The field ‘last_doc_id’ stores the document_id of the last appended posting and makes it thus possible to delta-encodedoc_ids. Also, capacity stores the remaining capacity of the chunk and previous_chunk will be filled with the id of the next chunk once it is created.

Acting as central and single method of IndexingChunk is append which takes a listing to be appended and returns either Ok or the number of postings that fitted into the chunk:

pub fn append(&mut self, listing: &[(u64, Vec<u32>)]) -> Result<(), usize>

Simplified and translated into pseudo-code, it does the following:

for every (doc_id, positions) in listing
    delta and vbyte encode doc_id
    try to write resulting bytes to payload
        for every position in positions
            delta and vbyte encode position
            try to write resulting bytes to payload
     else 
         reset capacity
         return current iteration over listing

So far so good. These chunks are organised by a struct called ‘ChunkedStorage` (this name seems bad and will probably be changed).

ChunkedStorage

ChunkedStorage has the task to organise IndexingChunks by keeping hot chunks (the ones which are currently written to) close together and archive full chunks so that they can be accessed later for querying.

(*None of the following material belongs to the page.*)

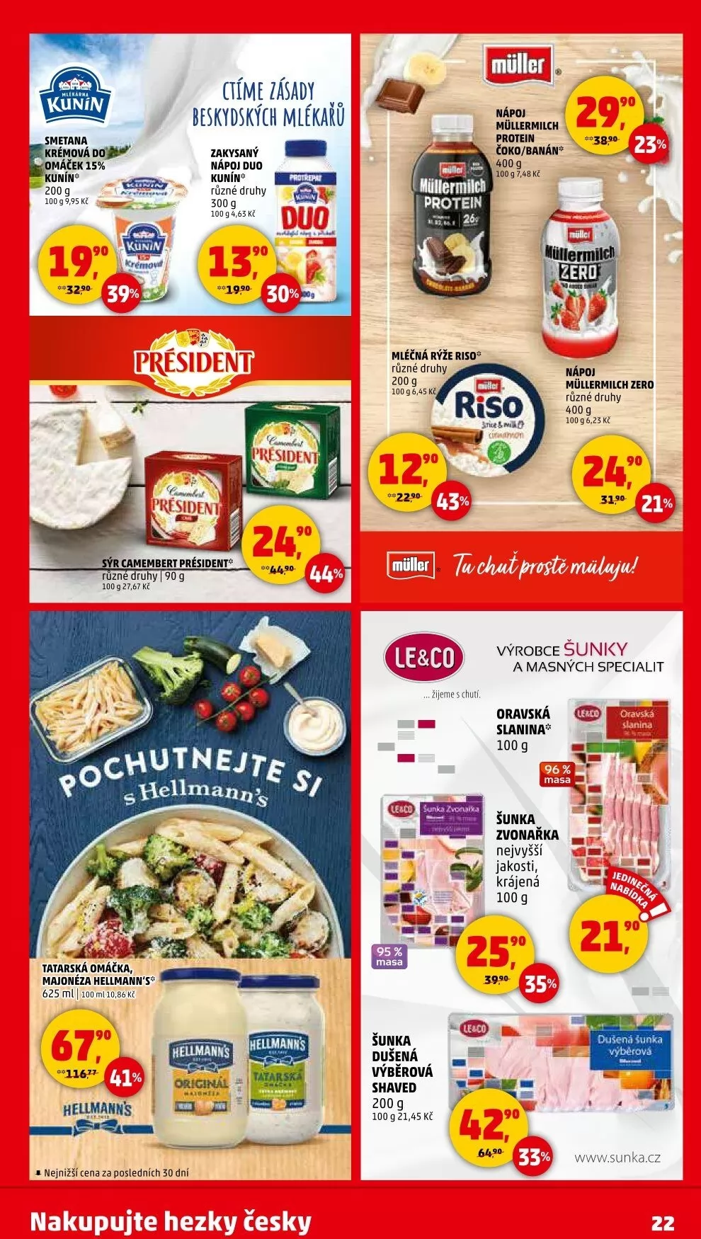 V letáku obchodu Penny Market najdete širokou nabídku kvalitních potravin. Mezi nimi se objevují krémové smetany a zakysané nápoje značky Kunín, které jsou skvělou volbou pro každodenní vaření a pečení. Dále si můžete vybrat z různých druhů mléčných nápojů Müller, včetně proteinových variant a mléčné rýže.

In its current state it is not fully functional in the sense that it does not provide functionality for querying. But more on that later.

pub struct ChunkedStorage {
    hot_chunks: Vec<IndexingChunk>, //Has the size of vocabulary
    archived_chunks: Vec<IndexingChunk>, 
}

In later iterations, archived_chunks will be replaced by something more general, something that allows writing chunks to different storage types (i.e. RAM, Memory, maybe Network).

ChunkedStorage has three relevant methods, they are all straightforward and fun:

impl ChunkedStorage {

    pub fn new_chunk(&mut self, id: u64) -> &mut IndexingChunk {
        self.hot_chunks.push(IndexingChunk {
            previous_chunk: 0,
            last_doc_id: 0,
            capacity: SIZE as u16,
            data: unsafe { mem::uninitialized() },
        });
        &mut self.hot_chunks[id as usize]
    }

    pub fn next_chunk(&mut self, id: u64) -> &mut IndexingChunk {
        let next = IndexingChunk {
            previous_chunk: self.archived_chunks.len() as u32,
            last_doc_id: self.hot_chunks[id as usize].last_doc_id,
            capacity: SIZE as u16,
            data: unsafe { mem::uninitialized() },
        };
        //Move the full chunk from the hot to the cold
        //That's more fun than I thought
        self.archived_chunks.push(mem::replace(&mut self.hot_chunks[id as usize], next));
        &mut self.hot_chunks[id as usize]
    }    

    #[inline]
    pub fn get_current_mut(&mut self, id: u64) -> &mut IndexingChunk {
        &mut self.hot_chunks[id as usize]
    }
}

By keeping the hot chunks in an extra vector it is ensured, that they are close together in memory which should result in less cache-misses and thus improve performance.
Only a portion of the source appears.